Diminishing Returns for Brewmaster Monks

In my last post, I mentioned that I’d be happy to work on the equations for Monks and Druids if someone would submit data. In the comments, disargeria offered to do just that, and provided this data set covering both level 85 and level 90. I spent some time with the data and MATLAB’s curve/surface fitting toolboxes, and have narrowed down the parameter space quite a bit. You can see the code itself here: dr_eqn_monks.m dr_eqn_monks.mat.

Level 85 Data

I started by looking at the level 85 agility data. Here’s the MATLAB fitting output:

a2d_85_fit = 

     General model:
     a2d_85_fit(x) = 3.00+103/a+1/(1/C+k/((x-103)/a))
     Coefficients (with 95% confidence bounds):
       C =       497.6  (467.9, 527.4)
       a =       245.8  (243.1, 248.5)
       k =       1.409  (1.391, 1.426)

a2d_85_gof = 

           sse: 1.1524e-004
       rsquare: 1.0000
           dfe: 13
    adjrsquare: 1.0000
          rmse: 0.0030

That tells us a few things. First of all, the $k$ value for monks is higher than the 0.855 that paladins get. It also tells us that the dodge cap $C$ is much higher (for comparison, the dodge cap for paladins is $C_d \approx 65$ and the parry cap is $C_p=235.5$. This makes some sense though, since monks will be sharing agility/dodge gear with druids, so they’ll end up with a lot of dodge and not much parry. I’ll note here that the base dodge value of 3.00 was chosen based on the quality of all of the fits. I found that with the surface plots especially, 3.00 worked much better than 3.01. I tried leaving it as a free parameter, but that causes minor instability issues due to the agility conversion (leaving base a free parameter makes $a$ less precise).
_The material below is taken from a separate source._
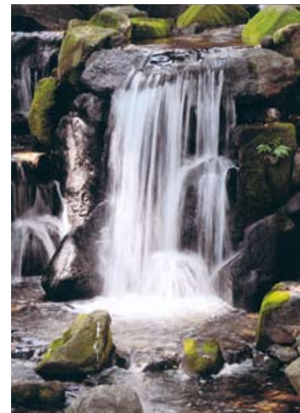
入選 岩垂迪夫「木流れ日の滝」 戸越公園（豊町2-1）

Combining the agility data with dodge rating, we can do some surface fitting:

     General model:
     d2d_85_fit(x,y) = 3.00+103/a+1/(1/C+k/(y+(x-103)/a))
     Coefficients (with 95% confidence bounds):
       C =       505.1  (492.9, 517.2)
       a =       243.7  (243.3, 244)
       k =       1.422  (1.42, 1.424)

d2d_85_gof = 

           sse: 2.6031e-004
       rsquare: 1.0000
           dfe: 29
    adjrsquare: 1.0000
          rmse: 0.0030

This nails down our values of $k$ and $a$ rather precisely, though there’s still some uncertainty in $C$. Here’s the surface plot:

And more importantly, here’s the residuals:

Note that none of the errors are larger than $4 x 10^{-3}$, or 0.004% character-sheet dodge. That suggests that this equation is accurate enough to reproduce the character-sheet dodge values without error (or at least, it does so for this data set).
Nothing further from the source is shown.